## Records for this task
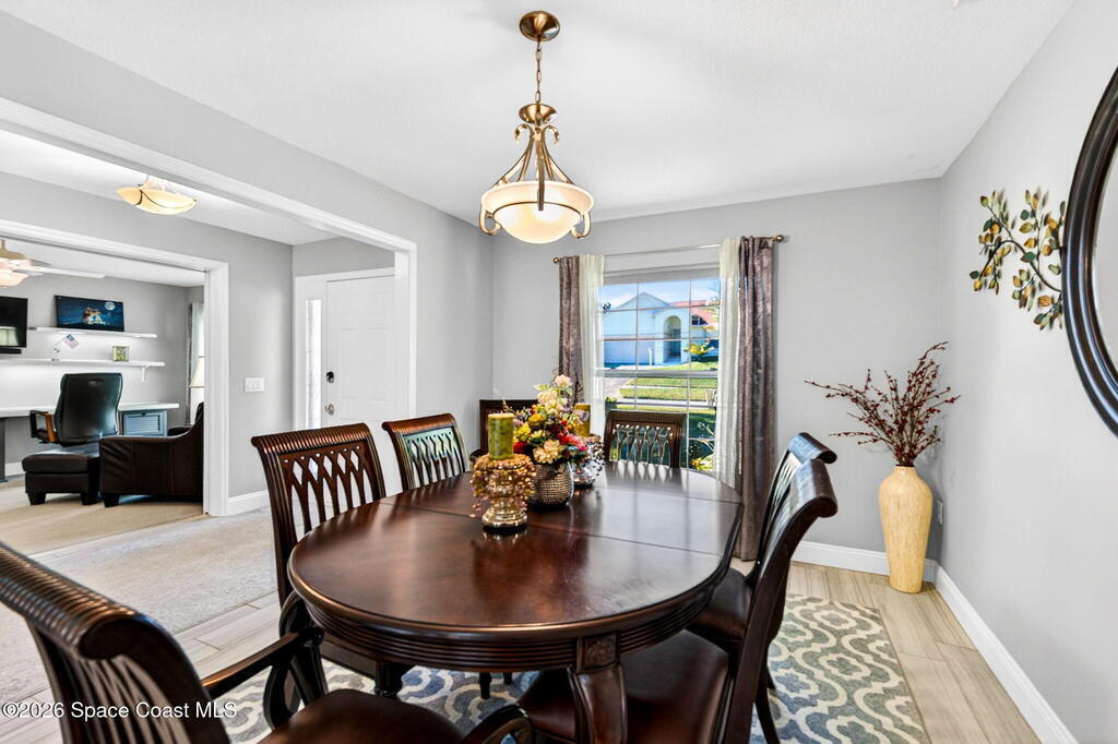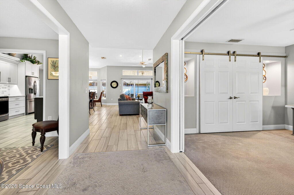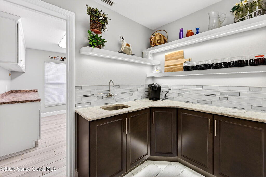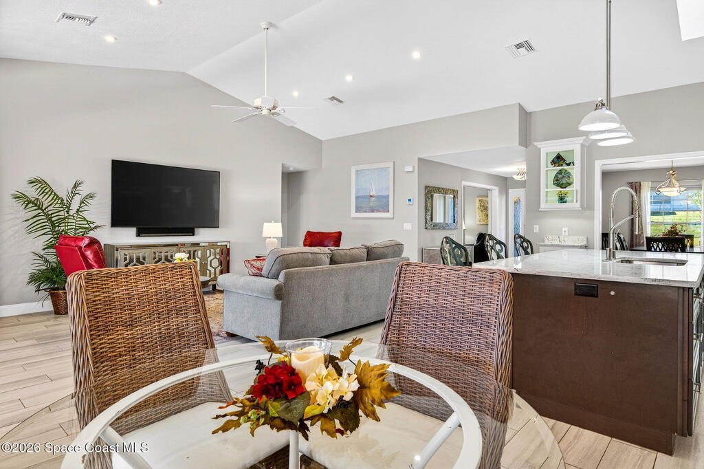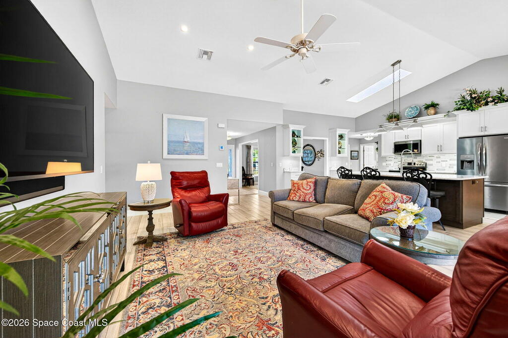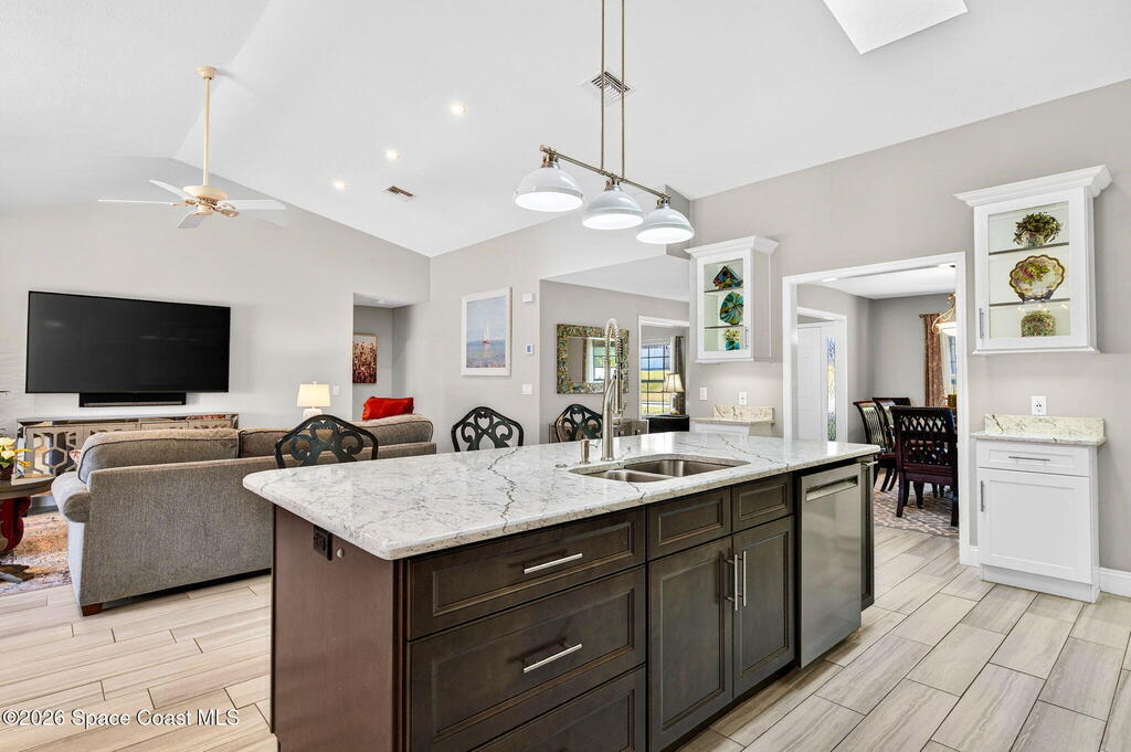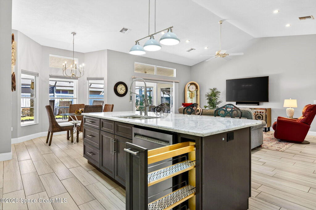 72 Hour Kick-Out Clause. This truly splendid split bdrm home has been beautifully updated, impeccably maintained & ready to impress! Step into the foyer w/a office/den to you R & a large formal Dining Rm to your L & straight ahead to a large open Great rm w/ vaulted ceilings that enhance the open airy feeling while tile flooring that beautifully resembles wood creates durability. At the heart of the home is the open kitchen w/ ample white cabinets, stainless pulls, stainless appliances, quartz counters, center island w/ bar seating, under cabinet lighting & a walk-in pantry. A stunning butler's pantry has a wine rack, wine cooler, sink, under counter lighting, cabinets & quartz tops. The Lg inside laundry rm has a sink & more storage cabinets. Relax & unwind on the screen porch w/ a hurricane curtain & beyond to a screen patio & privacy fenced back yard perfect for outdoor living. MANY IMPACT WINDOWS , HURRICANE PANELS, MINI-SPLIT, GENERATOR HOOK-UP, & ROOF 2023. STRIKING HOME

...

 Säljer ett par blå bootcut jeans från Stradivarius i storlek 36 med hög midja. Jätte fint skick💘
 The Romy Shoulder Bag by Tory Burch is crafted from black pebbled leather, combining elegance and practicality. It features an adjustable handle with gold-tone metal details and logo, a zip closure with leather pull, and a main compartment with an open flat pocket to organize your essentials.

## Aim of the task
The answer is the run of lines above from the line containing "Säljer ett par" through the line containing "The Romy Shoulder", copied exactly and alone.

## Answer to this problem
 Säljer ett par blå bootcut jeans från Stradivarius i storlek 36 med hög midja. Jätte fint skick💘
 The Romy Shoulder Bag by Tory Burch is crafted from black pebbled leather, combining elegance and practicality. It features an adjustable handle with gold-tone metal details and logo, a zip closure with leather pull, and a main compartment with an open flat pocket to organize your essentials.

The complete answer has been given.